Can electric signals in Earth’s atmosphere predict earthquakes?
Ask seismologists when they’ll be able to predict earthquakes, and the answer is generally: sometime between the distant future and never. Although there have been some promising leads over the years, the history of earthquake forecasting is littered with false starts and pseudoscience. However, some scientists think that Earth’s crust may give hints before it ruptures, in the form of electromagnetic anomalies in the ground and atmosphere that occur minutes to days before an earthquake. Last week, here at the fall meeting of the American Geophysical Union, researchers shared their evolving understanding of these phenomena—and how they might be used to predict deadly quakes.

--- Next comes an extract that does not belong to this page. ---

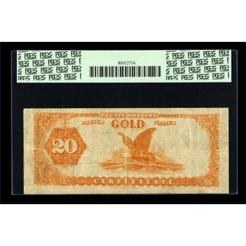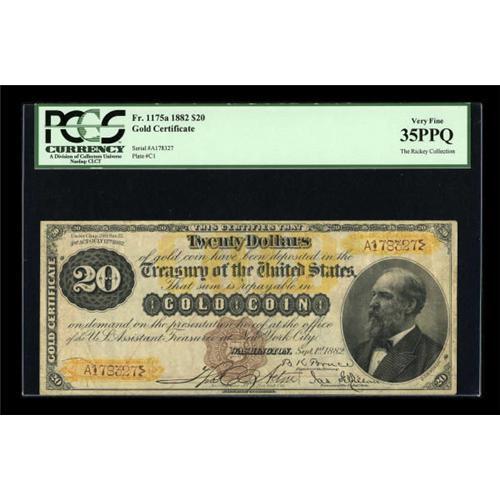 <B>Fr. 1175a $20 1882 Gold Certificate PCGS Very Fine 35PPQ.</B></I> Current census figures indicate a little more than two dozen examples of this issue are known, and this attractively original note clearly ranks in the top five or six notes for condition. We were privileged to handle this condition-census rarity in our January 1999 Auction where it was listed as About Extremely Fine with the following description, "this beautiful note from Dr. Cookson's spectacular collection is reaching the auction block for the first time. It's 100% original, with perfect surfaces, bright colors, and excellent margins." Our grade then and the PCGS grade today agree as we both clearly think this note is as nice as one will find for the grade. When the hammer drops, this condition census note will be a deal compared to the lone CU that sold for $138,000 in our September 2006 Signature Auction.<BR><BR><b>Shipping:</b> Coins & Currency (<a target="_blank" href="http://www.heritageauctions.com/common/shipping.php">view shipping information</a>)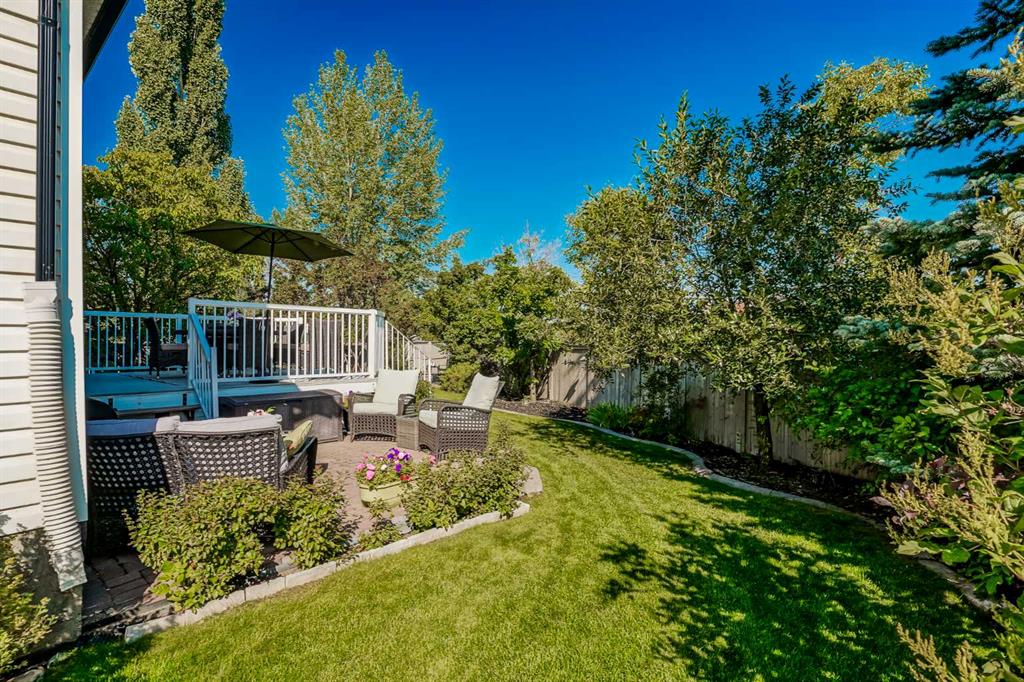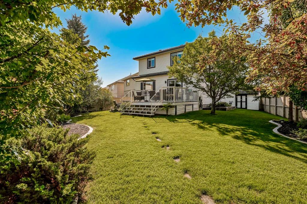 basement expands your living space with a large recreation room featuring a pool table and electric fireplace, while also leaving endless possibilities for future development. Step outside to enjoy a huge, private, beautifully landscaped backyard with northwest exposure for great sunshine. A large deck, firepit, and stone patio make this the perfect spot for summer barbecues and evenings with family and friends. Added conveniences include a shed storage and underground sprinklers. This move-in-ready home combines timeless elegance with modern updates in one of Calgary’s most desirable communities. Don’t miss your chance-book your private showing today and fall in love with everything this home has to offer!

Kosuke Heki, a geophysicist at Hokkaido University in Sapporo, Japan, first got interested in the subject when he spotted an increase in the total electron content of the ionosphere—the charged outermost layer of the atmosphere—above Tohoku about 40 minutes before the magnitude 9.0 earthquake struck in 2011. Heki had long used GPS data to study ionospheric responses to earthquakes, which occur when the sudden movement of Earth’s crust reverberates through the atmosphere. Ionospheric disturbances interfere with the communication between GPS satellites and receivers, leaving a fingerprint at specific radio frequencies that researchers can tease out.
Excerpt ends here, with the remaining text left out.